Moratorium Period: Calculation And Benefits

Detailed Information

A moratorium is a temporary postponement of an action by formal agreement. This means that if a policy is announced by the country’s banking regulator, borrowers can stop paying their EMIs for the duration of the moratorium.
If banking regulators impose a moratorium on loans, those who cannot write off their EMIs for the moratorium period will not be classified as defaulters.
The moratorium is an important aspect of certain types of loan products, for example, education loans. As the loan amount can be repaid only after the students go to work, banks give them the time they need.
As it is a temporary suspension of an activity, a moratorium is declared for a specific period of time, which is called a moratorium. A moratorium for a home loan means that you do not need to write any EMI amount.
RBI announces these periods as a relief measure to borrowers who are in a difficult situation due to some economic problem. You can opt for non-repayment.
Some other types of loans like education loans also impose a moratorium on borrowers before paying the EMI. Once the moratorium is over, the outstanding amount must be repaid.

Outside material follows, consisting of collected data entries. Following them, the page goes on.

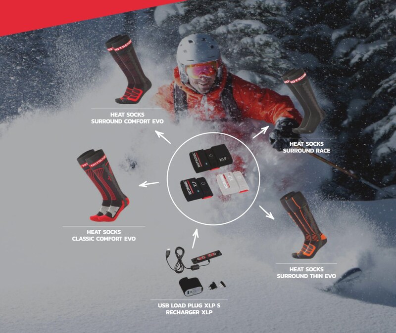 電熱ソックスの「XLP S」シリーズは、用途やフィット感の好みに合わせて選べる3タイプをラインナップ。快適性を重視した「Comfort」、ブーツ内でかさばらない薄さと保温性のバランスを追求した「Thin」、そしてレースシーンを想定し、薄手ながら暖かさと快適性を両立しつつ雪面感覚を的確に捉えられるよう最適化された「Race」が用意されている。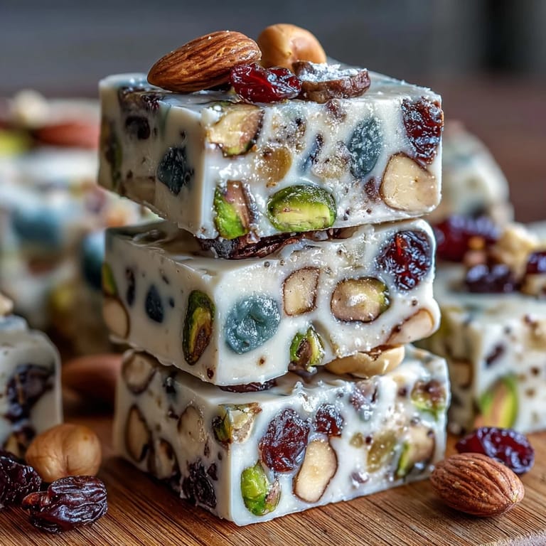 Save The process of making nougat is a rewarding culinary journey. It involves precisely heating a sugar and honey syrup before slowly incorporating it into whipped egg whites. This technique creates a glossy, aerated marshmallow-like base that serves as the perfect canvas for the jewel-toned fruits and crunchy nuts.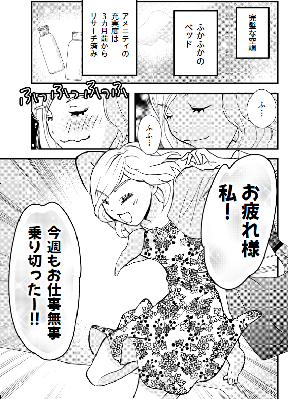 愛してやまないビジネスホテルを予約し、コンビニやテイクアウトできる店で料理とお酒をしこたま買い込み、女子力ゼロの姿で部屋にこもる……。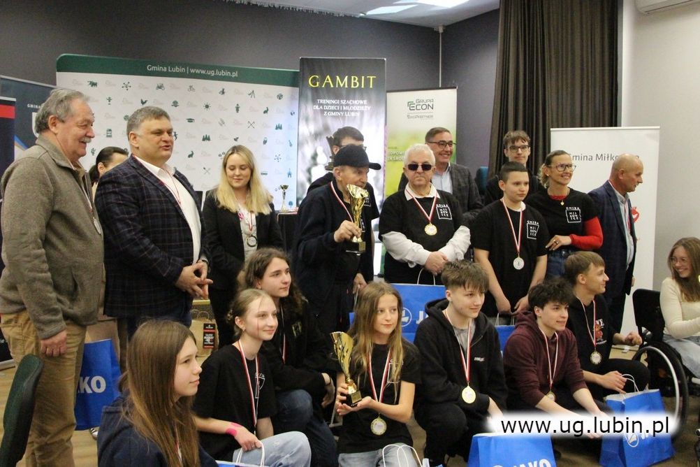 Szachiści z Gminy Lubin w składzie: Antoni Koop, Martyna Andrysiak, Karol Jagiełło, Julian Koop, Kamil Wiciak zdominowali rywalizację w kategorii juniorów plasując się na pierwszym miejscu.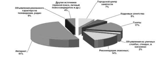 Анализ источников привлечения персонала показал, самым информативным источником в плане привлечения персонала стал Интернет (рис.8) 51% (1039 чел.).
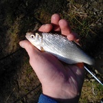 Перший раз рибачу на річці з такою сильною течією, враження не дуже. Настрій впав. Відчуваю що нічого не зловлю. Намагаюсь розгледіти клювання серед мимовільного згинання кінчика фідера – безрезультатно. Відійшов погуляти подивитись місцевість, чую батько щось тягне. Є!!! Перша нормальна риба! Плотва “на ладошку”, дуже “спиняста” в порівнянні з ставковою.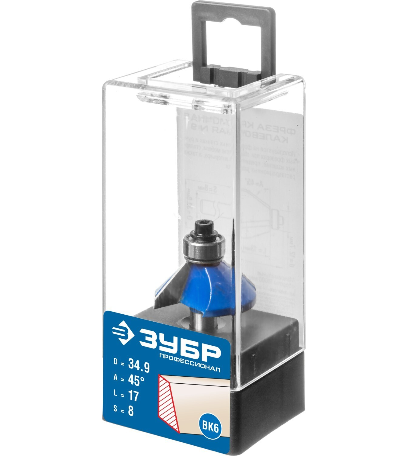 Фреза кромочная калевочная(фасочная) №9, D= 34,9мм, рабочая длина-17мм, угол наклона-45 градусов, хв.-8мм, d-12,7мм, ЗУБР Профессионал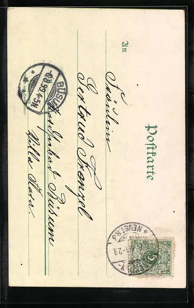 Personenbezogene Daten auf der Rückseite der Karte wurden durch blauen Textmarker unkenntlich gemacht. Die blauen Stellen sind auf die Vorderseite durchgeweicht und wirken sich negativ auf das Postkartenfoto aus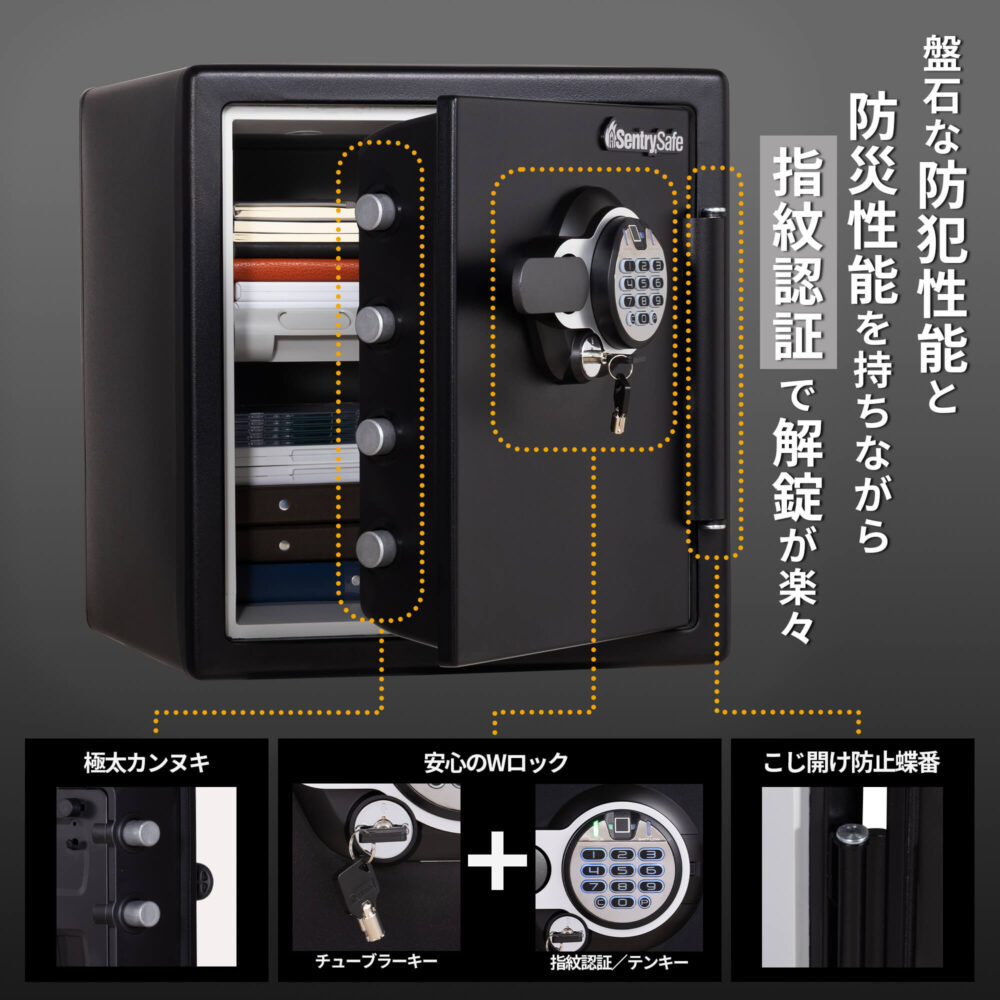 太いカンヌキや、扉こじ開けに強い蝶番などのハイセキュリティ仕様とあわせ、いっそう心強い金庫です。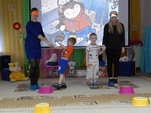 - «Кошка-поводырь». Детям в роли котят-поводырей предлагали довести до ориентира родителей, которым предварительно завязали глаза.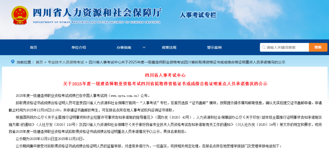 12月11日,四川省人力资源和社会保障厅发布2025年一级建造师考试合格人员公示名单(见附件1),全省共10421人合格。相比去年全省合格人数上涨2.80%,增加287人。公告原文截图如下: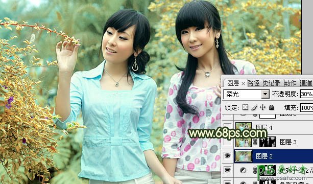 8、新建一个图层,按Ctrl + Alt + Shift + E 盖印图层。执行:滤镜 > 模糊 > 高斯模糊,数值为5,确定后把图层混合模式改为“柔光”,不透明度改为:30%,效果如下图。

Although a moratorium is also convenient to choose the period, the borrower must understand that the interest must be paid during the grace period. This is monthly, quarterly, and simple interest.
If the borrower decides to defer the entire amount, the interest charged during the holiday periods will be adjusted in monthly installments and added to the total amount.
Usually, the interest can go up to 10 percent of the total principal amount plus the interest charged. In this offer, the developer pays the interest on behalf of the buyer for the duration of the holding.